當一個種族最善良的神明死去,高墻就該有一場大雨。
史池魚唏噓一聲,轉動座椅透過落地窗打量屋外灰白色調的荒野。
焦黑的泥土已經被雨水打濕,天空上烏云凝結成團,崢嶸如蛟龍的雷光照亮遠處的高墻,也照亮女人金黃色的瞳孔。
雨點滴答滴答砸落,她抿抿嘴,臉色有些暗淡“下雨了,你聽到了嗎?”
“克林斯頓死了,我能感受得到。”
女人曾有過類似的感觸,那時她還是人類,一樣的沉痛,無力。
“抱歉,我聽不到,你的身體還好嗎?”耳機里傳來醇厚的男聲。“克林斯頓死了也算是一種解脫,新人類已經徹底成長起來了,總有一天會為了他們的先祖復仇。”
“當然聽不到,種族不同。”池魚搖搖頭,淡金色的豎瞳收縮又放大“身體還好,二階段最容易受先祖影響,卻又不那么容易死去。”
“唉,如果當年克林斯頓不當新人類的神明,是不是就不會有暗流,也不會有這么多的破事,那時候多好啊,咱們仨一月吃上一口素玀肉也覺得高興。”
“事情總要有人做的。”
“別說了快走吧,高墻特遣隊就要出發了,我拖不住他們了。”耳機那頭的男聲一遍又一遍的哀求“走吧,池魚,算我求你了。”
女人似乎有些冷了,裹緊乳白色的風衣,露出一條蜿蜒的曲線,她搖搖頭,看了一眼遠處聳入天際的高墻。
“暗流某處研究所發生內亂,武器爆炸,人員無一幸免,暗流主管史池魚意外身亡,邪惡終將被嚴懲。”池魚笑笑,聲音清澈“這是給鷹派最好的交代,也是給公民一個交代,畢竟人們只相信他們看到的,沒人會知道你的能力。”
耳機那頭仿佛窒息一般,足足沉寂了半響,才從喉嚨里擠出三個字“知道了。”
“暗流與曙光本就是對立,在陰暗處待久了,也難免想見見陽光。”女人一掃之前的頹廢,一字一頓道“答應我,活下去,帶領新人類活下去。

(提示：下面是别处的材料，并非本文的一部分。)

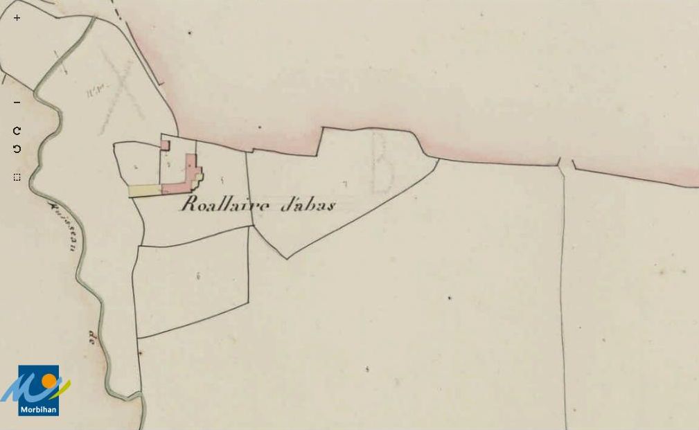 Le manoir de Roallaire d'abas sur le cadastre de 1829 (A. D. du Morbihan, 3 P 75/17)Immatriculation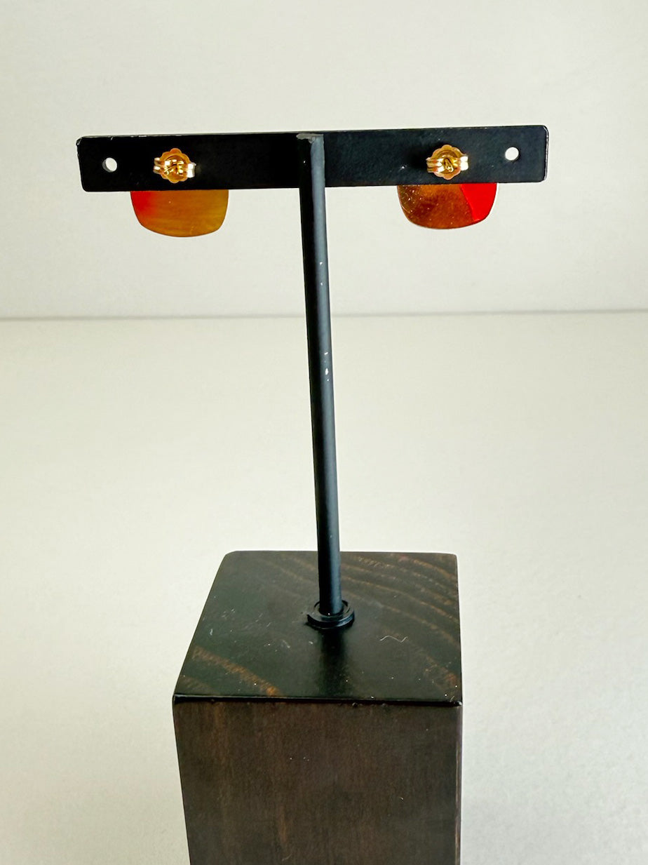 Estate Vintage Faceted Square Earrings – 14K Yellow Gold

”
池魚關閉通信,身上的劇痛再也忍不住,胃袋劇烈翻滾,嘔得一聲吐出一撮金色絨毛。
她望向遠處的高墻,目光溫柔似水。
那里的少年總是微笑,那里的獅子總是喵叫,那里是夢開始的地方。
回不去了。
“啪嗒”清脆的開門聲打斷了池魚的追憶,眉清目秀的少年留著一抹干凈的寸頭,身上流露著陽光的味道。
屋內風雨蕭瑟,悲痛欲絕與屋外的陽光明媚,震天的喊殺完全是兩個世界。
“為什么你這里下了雨?”李玄度詫異。
他從沒見過這種情景,整個四層只有史池魚屋內的窗外下起了雨,其余的全是陽光明媚。
“既然能看見,為什么聽不見?”池魚揚起眉毛,怔怔盯著李玄度“我很不明白祂為什么選了你?”
李玄度聽不太懂,門外仍然是震天的喊殺聲與子彈撞擊肉體的悶響,到處都是刺鼻的血腥味。
“你對自己的所作所為沒一點點的愧疚嗎?”男人拉開椅子坐在池魚的對面“我打開了冷凍室的大門,解放了那里的實驗體,男人女人老人小孩,沒有八百也有一千,你怎么忍心染上這么多人的鮮血?”
女人沒說話只是冷笑。
“最小的女孩才七歲,眼睛純凈的像頭小鹿,她醒來時根本不知道自己被抓來當做實驗體。”
聽到這句話時,池魚灰蒙蒙的眼睛才有了一絲光亮,轉眼確是顯而易見的憤怒。
“李博士,貌似你我是一樣的,死在你手上的人就少了?”她扣著細長的指甲,心不在焉“所有人中誰都有資格說這句話,唯獨你不行。”
“我不做的事情總會有別人來做。”她將皮屑劃落在地,一雙金色眸子直直盯著男人“你知道我身上背負著什么?”